**Problem description**
Begin at the line containing "グレーのエレベーティッドTシ" in the data below and go on through the line containing "Im Laufe der", repeating each line exactly; include both ends and no other line.

+++ Working data

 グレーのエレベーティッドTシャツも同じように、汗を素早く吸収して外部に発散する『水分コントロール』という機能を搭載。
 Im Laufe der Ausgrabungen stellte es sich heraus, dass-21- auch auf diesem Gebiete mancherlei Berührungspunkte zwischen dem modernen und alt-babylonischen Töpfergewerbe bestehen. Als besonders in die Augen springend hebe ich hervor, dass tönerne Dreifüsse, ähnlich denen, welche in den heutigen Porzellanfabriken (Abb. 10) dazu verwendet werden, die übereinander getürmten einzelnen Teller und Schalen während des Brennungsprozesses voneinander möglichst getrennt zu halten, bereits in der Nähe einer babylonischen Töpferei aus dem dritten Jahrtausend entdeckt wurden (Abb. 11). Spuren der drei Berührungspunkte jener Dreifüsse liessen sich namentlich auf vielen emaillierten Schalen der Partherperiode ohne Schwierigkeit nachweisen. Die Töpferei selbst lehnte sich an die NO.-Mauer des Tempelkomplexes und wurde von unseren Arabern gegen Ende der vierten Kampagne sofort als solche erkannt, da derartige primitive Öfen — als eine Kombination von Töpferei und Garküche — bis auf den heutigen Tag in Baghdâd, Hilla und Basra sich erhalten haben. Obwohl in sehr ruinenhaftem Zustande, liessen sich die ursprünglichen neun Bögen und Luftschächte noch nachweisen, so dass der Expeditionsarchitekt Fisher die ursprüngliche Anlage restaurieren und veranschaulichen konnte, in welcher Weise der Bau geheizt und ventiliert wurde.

++++++
+++ Working data

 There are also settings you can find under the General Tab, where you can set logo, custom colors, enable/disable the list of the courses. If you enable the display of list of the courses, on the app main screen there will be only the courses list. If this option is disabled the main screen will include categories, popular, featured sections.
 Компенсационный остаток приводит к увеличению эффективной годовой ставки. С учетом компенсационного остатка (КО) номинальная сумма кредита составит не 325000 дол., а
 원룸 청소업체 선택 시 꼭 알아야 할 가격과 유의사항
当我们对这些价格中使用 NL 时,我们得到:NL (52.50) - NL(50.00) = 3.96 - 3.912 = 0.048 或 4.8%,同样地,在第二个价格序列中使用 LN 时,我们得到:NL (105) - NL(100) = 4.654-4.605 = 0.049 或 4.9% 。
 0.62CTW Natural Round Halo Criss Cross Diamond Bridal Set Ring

++++++

**Output**
 グレーのエレベーティッドTシャツも同じように、汗を素早く吸収して外部に発散する『水分コントロール』という機能を搭載。
 Im Laufe der Ausgrabungen stellte es sich heraus, dass-21- auch auf diesem Gebiete mancherlei Berührungspunkte zwischen dem modernen und alt-babylonischen Töpfergewerbe bestehen. Als besonders in die Augen springend hebe ich hervor, dass tönerne Dreifüsse, ähnlich denen, welche in den heutigen Porzellanfabriken (Abb. 10) dazu verwendet werden, die übereinander getürmten einzelnen Teller und Schalen während des Brennungsprozesses voneinander möglichst getrennt zu halten, bereits in der Nähe einer babylonischen Töpferei aus dem dritten Jahrtausend entdeckt wurden (Abb. 11). Spuren der drei Berührungspunkte jener Dreifüsse liessen sich namentlich auf vielen emaillierten Schalen der Partherperiode ohne Schwierigkeit nachweisen. Die Töpferei selbst lehnte sich an die NO.-Mauer des Tempelkomplexes und wurde von unseren Arabern gegen Ende der vierten Kampagne sofort als solche erkannt, da derartige primitive Öfen — als eine Kombination von Töpferei und Garküche — bis auf den heutigen Tag in Baghdâd, Hilla und Basra sich erhalten haben. Obwohl in sehr ruinenhaftem Zustande, liessen sich die ursprünglichen neun Bögen und Luftschächte noch nachweisen, so dass der Expeditionsarchitekt Fisher die ursprüngliche Anlage restaurieren und veranschaulichen konnte, in welcher Weise der Bau geheizt und ventiliert wurde.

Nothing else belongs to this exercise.